Но ему и самому теперь хотелось увидеть это. И он увидел. Сцену в приглушенном свете огромного ночника в форме слона, гордо стоявшего на тумбе. Действие разворачивалось на большом кожаном диване главного дирижера. Крупный косматый мужчина в рубашке, но без штанов лежал в объятиях женщины, которая оплела его голыми руками и ногами. Впрочем, она тоже не сняла платье, только задрала его повыше.
– Надеюсь, у них утюг-то есть, – усмехнулась Лилит. – А то ведь изомнутся все, как мочалки будут.

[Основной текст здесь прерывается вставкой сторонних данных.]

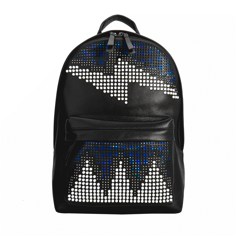 时尚的闪电元素再次出现在本季产品之中,这个季度以“点”的概念体现闪电元素。用圆形冲孔镂空、小爪钉、圆形胶钉分别阵列成闪电团,呈现了强烈的未来构成感。
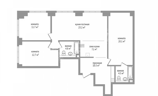 В санузлах сделают натяжные потолки, уложат керамогранитную плитку, установят душевую кабину или ванну из искусственного камня, подвесной унитаз. Также в санузлах будут сделаны тёплые полы. В прихожей установят видеодомофон.
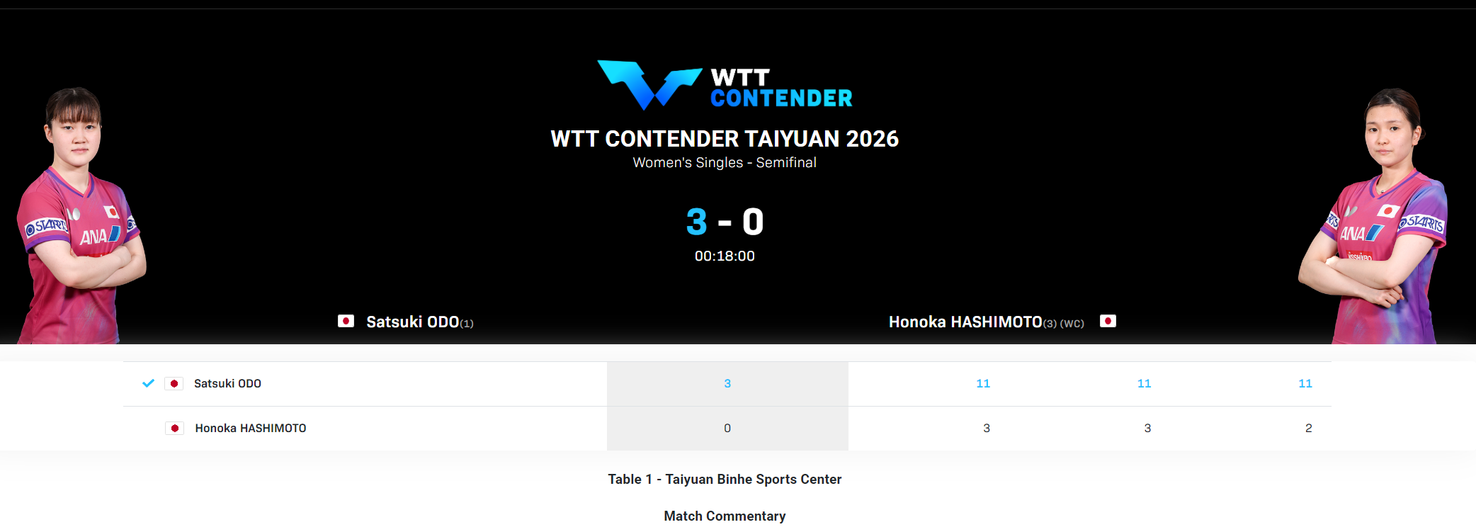 在2026年WTT太原常规挑战赛的女单半决赛中,一场令人瞩目的日乒内战上演。21岁的大藤沙月以绝对优势3-0横扫了有着“日乒最强”之称的桥本帆乃香,三局比分分别为11-3、11-3、11-2,如此悬殊的比分,让桥本帆乃香三局合计仅拿到8分,这场比赛的结果无疑令人大跌眼镜。

Космач интенсивно дергался на полуобнаженной даме, но и та лихо помогала ему. Савве вдруг стало нестерпимо гадко и мерзко. Это не тетю Зою на кухне увидеть в плену мужских рук. Тут похуже! Особенно жутко было видеть, как женщина накручивала бедрами под косматым мужчиной. Какие петли делала под ним.
– Это не мама, – покачал головой Савва.
– Это наша мама. Будь спокоен. У нее сейчас репетиция по расписанию. У нее сейчас танго, как она сказала. Разве плох танец? И так каждый божий день.
– Это не она – я не вижу лица.
И только он сказал это, как женщина вынырнула из-за косм мужчины, повернулась лицом в сторону окна. Но она сейчас ничего не видела – она исполняла свое танго с закрытыми глазами. Может быть, от удовольствия, а может быть, чтобы не видеть озверевшее от страсти лицо дирижера, нависшего над ней. И хотя в кабинете был полумрак, невозможно было перепутать ни ее черты, ни черные волосы, разметавшиеся в стороны. Савве хотелось сбежать, но и смотреть хотелось тоже. Так иногда притягивает взгляд изощренное уродство, от которого нельзя отвести глаз.
– Смотри-смотри, она хороша в своем деле, – усмехнулась Лилит. – Уж я-то знаю.
– Откуда?
– Оттуда.
Мысль, что Лилит проделывает то же самое со своими парнями, еще больнее уколола его. Но он проглотил и эту пилюлю. Сейчас ему просто не хотелось жить. Куда он ни наступал, его везде ожидал капкан – из таких вот петель бедрами, из жадных рук, из предательства. Ему вдруг захотелось отпустить свои руки и свалиться с этой лестницы вниз. И про все забыть. Но до асфальта было всего два метра, он бы просто ушибся, получил бы сотрясение мозга, может быть, сломал бы руку или ногу и стал бы еще смешнее и нелепее. Поэтому оставалось закрыть глаза или смотреть в окно – и он смотрел…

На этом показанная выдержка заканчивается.